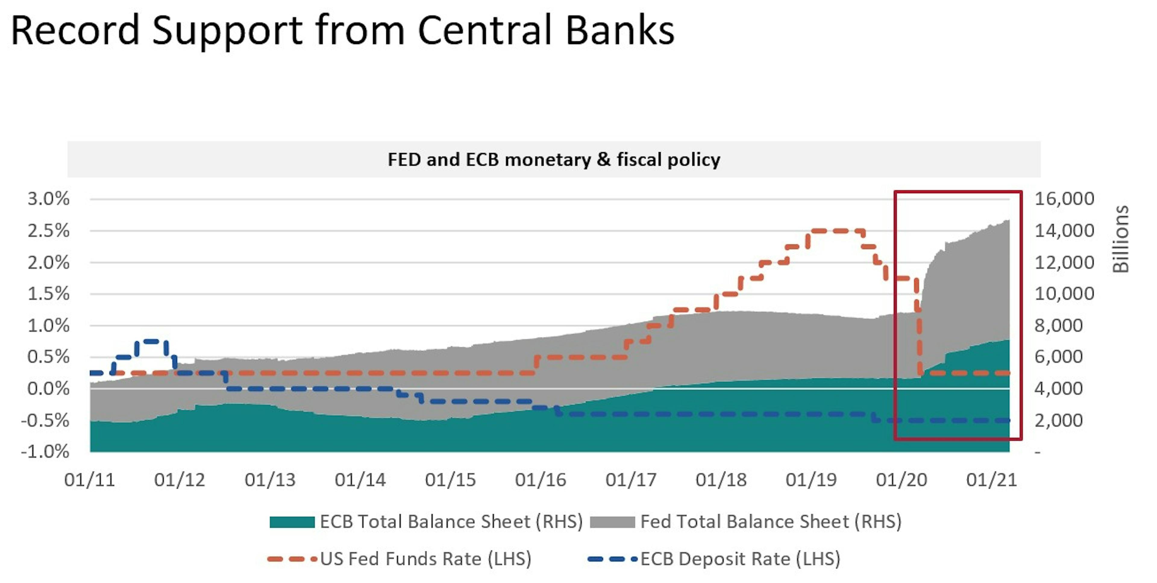 The central banks nonetheless kept a level head. While for the most part reiterating their commitment to highly dovish policies (stressing that their economies were still far from reaching their inflation and full-employment targets), they showed they were rather at ease with the trend towards rising interest rates. This led to a welcome increase in inflation expectations and higher economic growth.
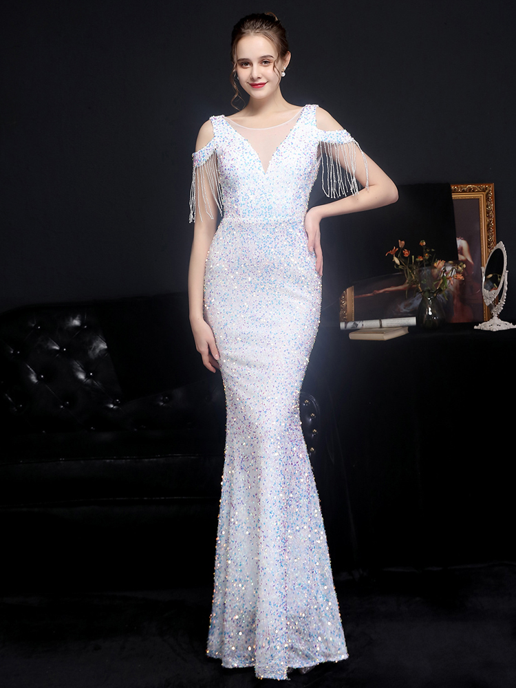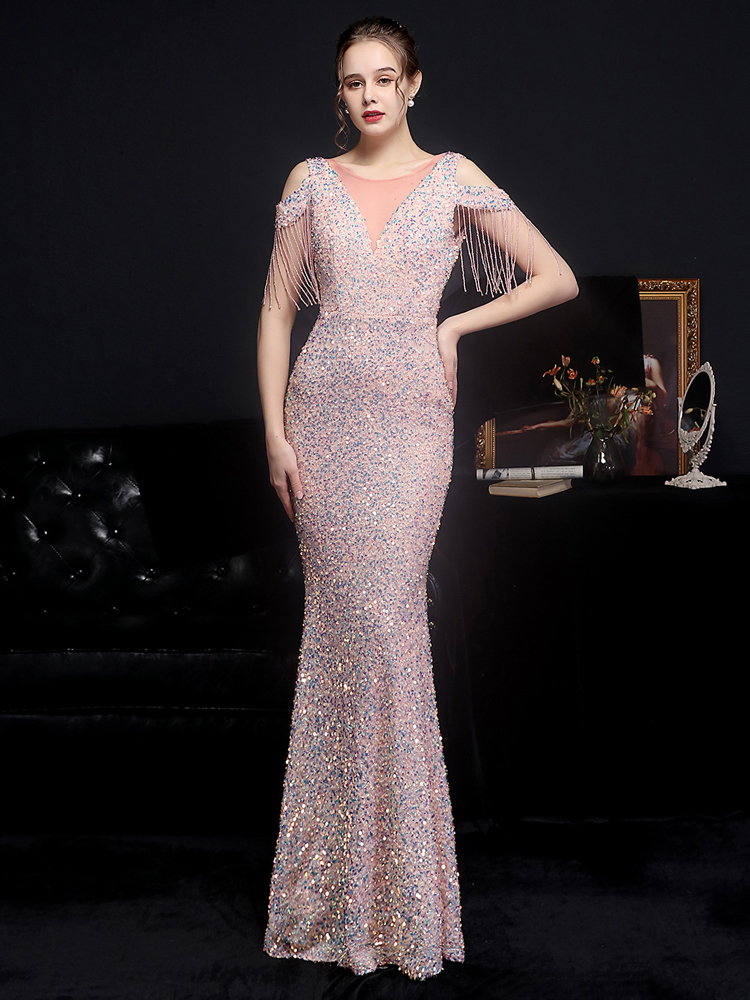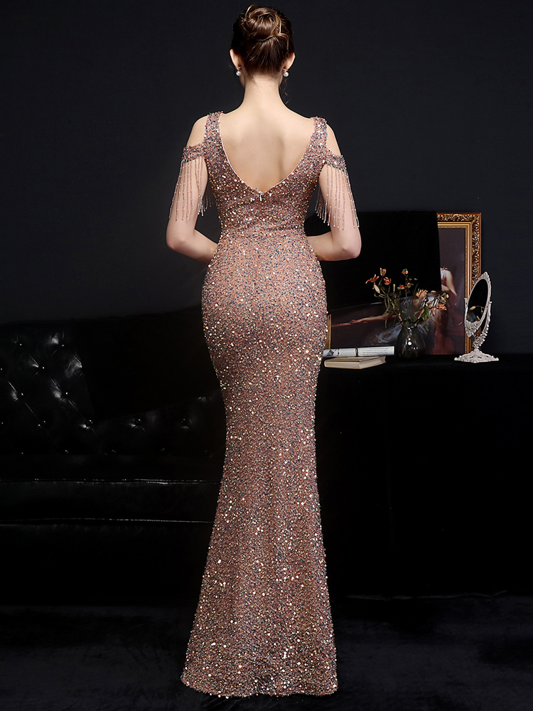 Women 2021 New Off Shoulder Party Bodycon Maxi Dress Elegant V Neck Gold Sequin Evening Dress
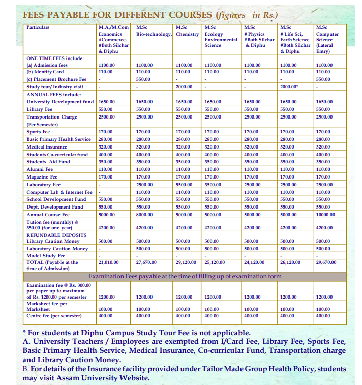 Earlier, M.Sc Life Science fees at Assam University Diphu was ₹ 31,765 (in 2018) for the entire course duration. This shows a fee increase of ₹ 9,205 over the year.
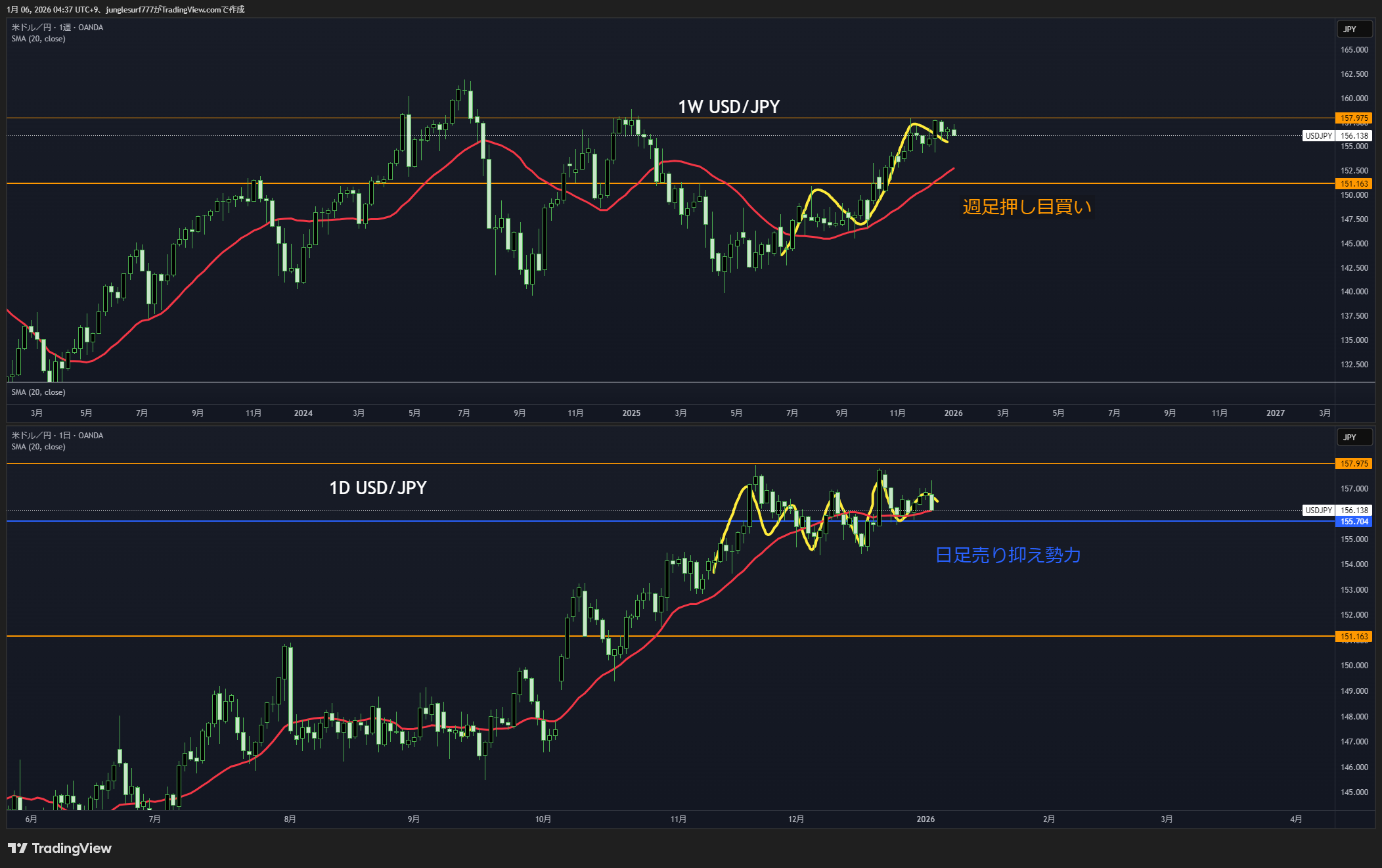 日足の買い支えと、週足押し目買い勢力によって、反発した。
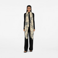 Product Details A lightweight wool scarf made in Italy. The design is woven with the Burberry Check. - Rectangular - Eyelash fringing at the edges - Item 80907201 Size & Fit - 200 x 90cm/78.7 x 35.4in Fabric & Care - 100% wool - Dry clean - Made in Italy
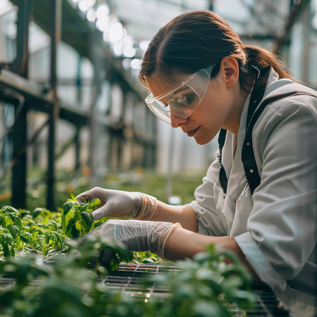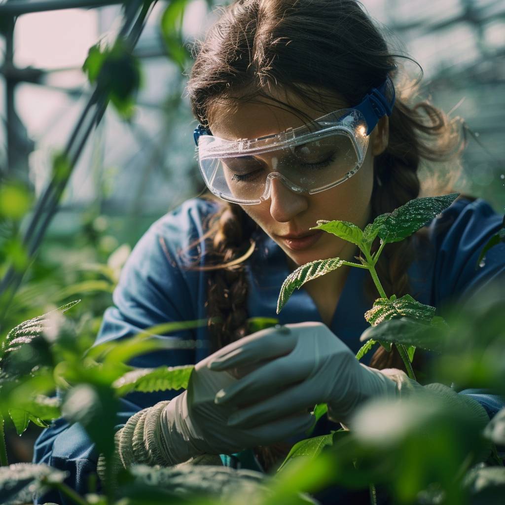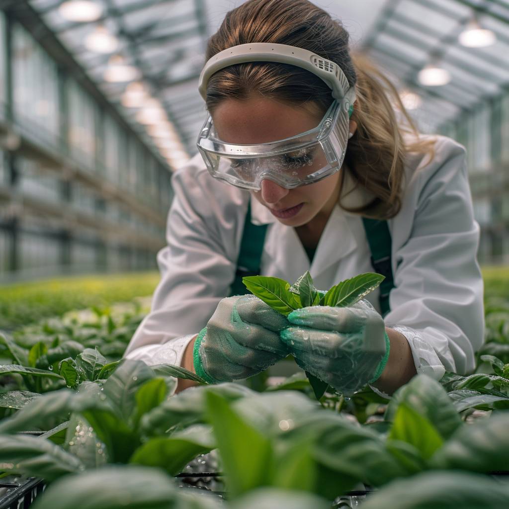 一位女科学家在现代温室中 examining 植物标本,手戴手套,佩戴防护眼镜,仔细观察绿叶,四周有高科技监测设备。
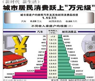 (1)改革开放三十年来,我国经济保持平衡快速发展,国内生产总值年平均增长9.7%,经济效益明显提高。我国经济实力和综合国力上了一个大台阶。GDP从占世界1.8%升至6%,成为仅次于美国和日本的世界第三大经济体。
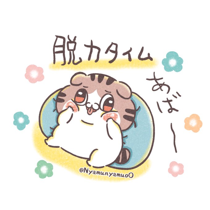 がんばった後は ダラーっと脱力 ꜀( ꜆-ࡇ-)꜆ #にゃむぽよ #創作 #ゆるイラスト #みんなで楽しむTwitter展覧会
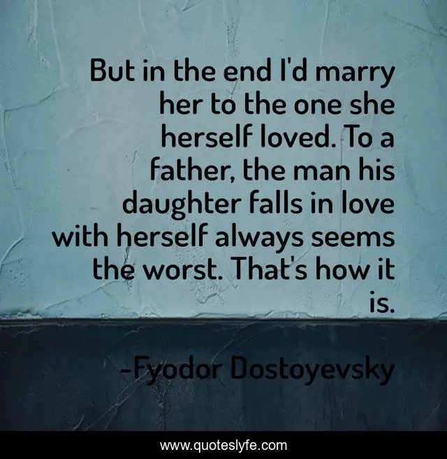 This page presents the quote "But in the end I'd marry her to the one she herself loved. To a father, the man his daughter falls in love with herself always seems the worst. That's how it is.". Author of this quote is Fyodor Dostoyevsky. This quote is about marriage, father, daughter,.

**********

**The task**: A faithful copy of the data is required: each word kept, each picture omitted.

**Reply to the task**:
 The central banks nonetheless kept a level head. While for the most part reiterating their commitment to highly dovish policies (stressing that their economies were still far from reaching their inflation and full-employment targets), they showed they were rather at ease with the trend towards rising interest rates. This led to a welcome increase in inflation expectations and higher economic growth.
 Women 2021 New Off Shoulder Party Bodycon Maxi Dress Elegant V Neck Gold Sequin Evening Dress
 Earlier, M.Sc Life Science fees at Assam University Diphu was ₹ 31,765 (in 2018) for the entire course duration. This shows a fee increase of ₹ 9,205 over the year.
 日足の買い支えと、週足押し目買い勢力によって、反発した。
 Product Details A lightweight wool scarf made in Italy. The design is woven with the Burberry Check. - Rectangular - Eyelash fringing at the edges - Item 80907201 Size & Fit - 200 x 90cm/78.7 x 35.4in Fabric & Care - 100% wool - Dry clean - Made in Italy
 一位女科学家在现代温室中 examining 植物标本,手戴手套,佩戴防护眼镜,仔细观察绿叶,四周有高科技监测设备。
 (1)改革开放三十年来,我国经济保持平衡快速发展,国内生产总值年平均增长9.7%,经济效益明显提高。我国经济实力和综合国力上了一个大台阶。GDP从占世界1.8%升至6%,成为仅次于美国和日本的世界第三大经济体。
 がんばった後は ダラーっと脱力 ꜀( ꜆-ࡇ-)꜆ #にゃむぽよ #創作 #ゆるイラスト #みんなで楽しむTwitter展覧会
 This page presents the quote "But in the end I'd marry her to the one she herself loved. To a father, the man his daughter falls in love with herself always seems the worst. That's how it is.". Author of this quote is Fyodor Dostoyevsky. This quote is about marriage, father, daughter,.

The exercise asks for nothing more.